Myluahanan Senthilnathan

Personal information
- Born: 9 March 1969 (age 57) Dharapuram, Tamil Nadu, India
- Batting: Right-handed
- Role: Batsman

Domestic team information
- 1987/88–1993/94: Tamil Nadu
- 1995/96: Goa
- First-class debut: 8 January 1988 Tamil Nadu v Karnataka
- Last First-class: 31 January 1996 Goa v Andhra
- List A debut: 12 March 1989 Tamil Nadu v Delhi
- Last List A: 27 January 1996 Goa v Andhra

Career statistics
| Competition | FC | List A |
| Matches | 37 | 16 |
| Runs scored | 1615 | 394 |
| Batting average | 31.66 | 26.26 |
| 100s/50s | 2/9 | 0/4 |
| Top score | 189 | 97 |
| Balls bowled | 90 | 14 |
| Wickets | 0 | 3 |
| Bowling average | – | 3.66 |
| 5 wickets in innings | 0 | 0 |
| 10 wickets in match | 0 | n/a |
| Best bowling | 0/11 | 3/10 |
| Catches/stumpings | 38/– | 2/– |
- Source: ESPNcricinfo, 11 December 2018

= Myluahanan Senthilnathan =

Indian cricketer (born 1969)

Myluahanan Senthilnathan, also spelt Mylvahanan Senthilnathan (born 9 March 1969) is a former Indian cricketer.

Senthilnathan captained the Indian under-19 cricket team in the 1980s.
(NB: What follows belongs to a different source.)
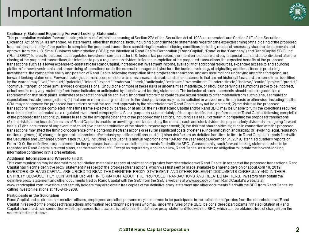 This communication may be deemed to be solicitation material in respect of solicitation of proxies from shareholders of Rand Capital in respect of the proposed transactions. Rand Capital has filed the definitive proxy statement in respect of the proposed transactions, which was first sent or made available to shareholders on or about April 18, 2019. INVESTORS OF RAND CAPITAL ARE URGED TO READ THE DEFINITIVE PROXY STATEMENT AND OTHER RELEVANT DOCUMENTS CAREFULLY AND IN THEIR ENTIRETY BECAUSE THEY CONTAIN IMPORTANT INFORMATION ABOUT THE PROPOSED TRANSACTIONS AND RELATED MATTERS. Investors may obtain the definitive proxy statement and other documents filed by Rand Capital with the SEC from the SEC’s website at www.sec.gov or from Rand Capital’s website at www.randcapital.com. Investors and security holders may also obtain free copies of the definitive proxy statement and other documents filed with the SEC from Rand Capital by calling Investor Relations at 716-843-3908.
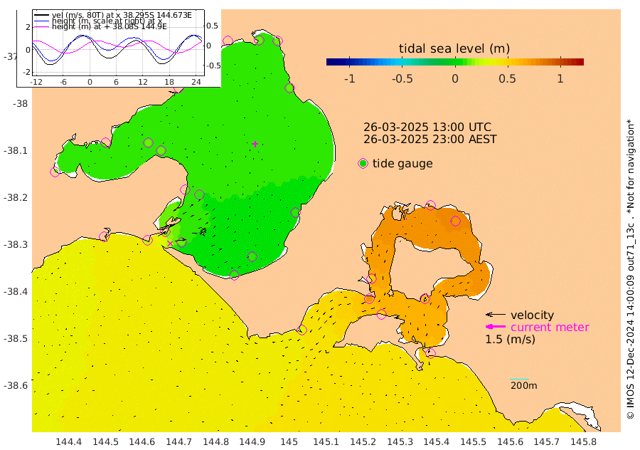 56cm San Remo 57cm Elizabeth Island 74cm Bouchier Channel 71cm Tooradin 47cm Cowes Jetty 54cm Western Port (Stony Point) 74cm Western Port (Sandy Point) 28cm Flinders Jetty 11cm Mornington 12cm Sandringham 10cm Rosebud Jetty 11cm Hovell Pile 13cm South Channel 19cm Point Lonsdale 13cm Queenscliff 11cm West Channel Pile 23cm Barwon Heads 11cm St Leonards 13cm Point Richards (Corio Bay) 14cm Point Richards Channel 14cm Geelong 6cm Werribee 13cm Altona 14cm Wilson Spit 12cm Melbourne (Williamstown) 13cm St Kilda

A right-handed batsman, he played first-class cricket for Tamil Nadu and Goa from 1988 to 1996. His highest score was 189 in Tamil Nadu's innings victory over Assam in a pre-quarter-final of the Ranji Trophy in 1992–93.

He is currently the chief coach of MRF Pace Foundation in Chennai.